Gostaríamos de retomar uma questão que já destacamos anteriormente: as oposições binárias,

9 O Outro, nesse momento, refere-se à questão da diferença, daquilo que não é, ou seja, esse Outro não é o

mesmo que o Outro em Authier-Revuz.

por mais que busquem se distanciarem umas das outras, por mais que busquem salientar suas diferenças, suas características, estão inseridas em um processo em que o Outro (a diferença) aparece como sendo constitutivo, como sendo um elemento basilar para que a construção da identidade aconteça; há embate entre essas oposições. O Outro é inevitável no processo de construção de identidades, pois é por intermédio dele que a construção se instaura e vai se edificando.

Antes de concluirmos essa parte que “fecha” a construção do arcabouço teórico desta dissertação, trazemos uma passagem que aponta para uma questão que está presente no processo de construção de oposições binárias: a classificação.

Dividir o mundo social entre “nós” e “eles” significa classificar.
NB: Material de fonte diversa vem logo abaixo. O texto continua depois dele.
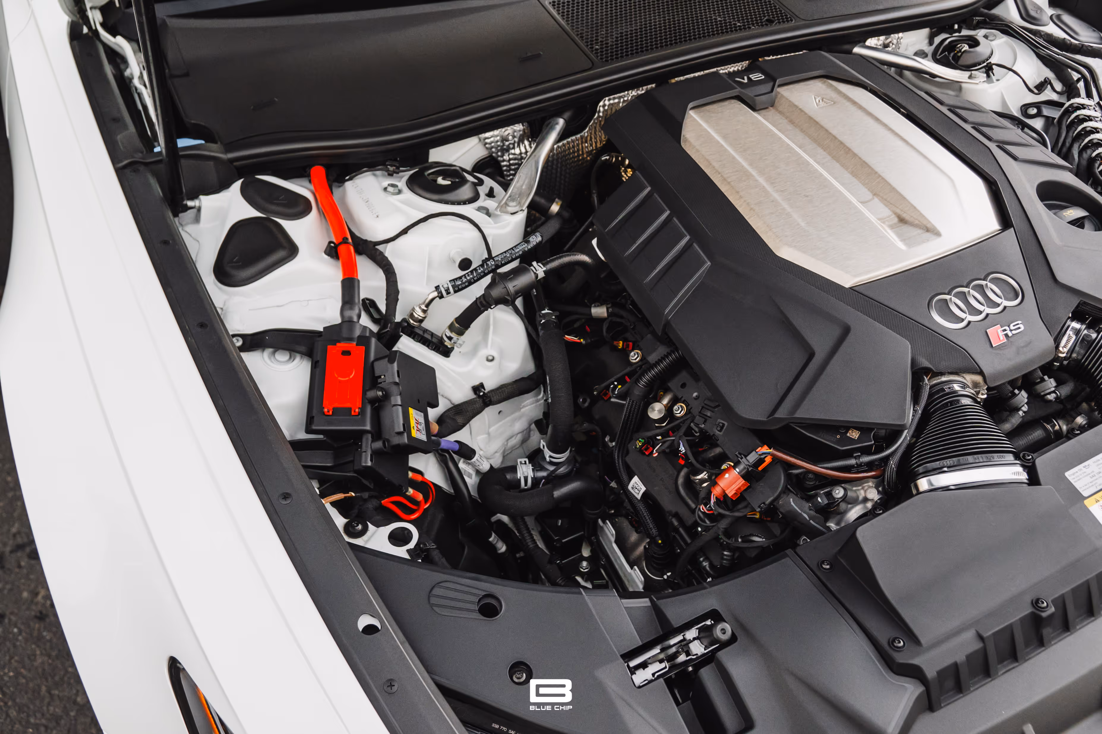 Powered by a 4.0-liter twin-turbocharged V8, the RS6 Performance produces 621 horsepower and 627 lb-ft of torque—an increase of 30 horsepower over the standard RS6. Power is sent to all four wheels through an eight-speed automatic transmission and Audi’s quattro all-wheel-drive system, enabling a 0-60 mph time of 3.3 seconds. A revised center differential improves power distribution, while a sport-tuned adaptive air suspension and standard rear-wheel steering enhance handling and high-speed stability.

O processo de classificação é central na vida social. Ele pode ser entendido como um ato de significação pelo qual dividimos e ordenamos o mundo social em grupos, em classes. A identidade e a diferença estão estreitamente relacionadas às formas pelas quais a sociedade produz e utiliza classificações. As classificações são sempre feitas a partir do ponto de vista da identidade. Isto é, as classes nas quais o mundo social é dividido não são simples agrupamentos simétricos. Dividir e classificar significa, neste caso, também hierarquizar. Deter o privilégio de classificar significa também deter o privilégio de atribuir diferentes valores aos grupos assim classificados. (SILVA, 2003, p. 82).

Percebemos que o processo de construção de oposições binárias não apenas separa o

mundo, mas o classifica, o hierarquiza. Por isso é preciso, como postula Silva (2003), questionar a identidade e a diferença como relações de poder, pois isso significa problematizar os binarismos (masculino/feminino, branco/negro, heterossexual/homossexual) em torno dos quais elas se organizam.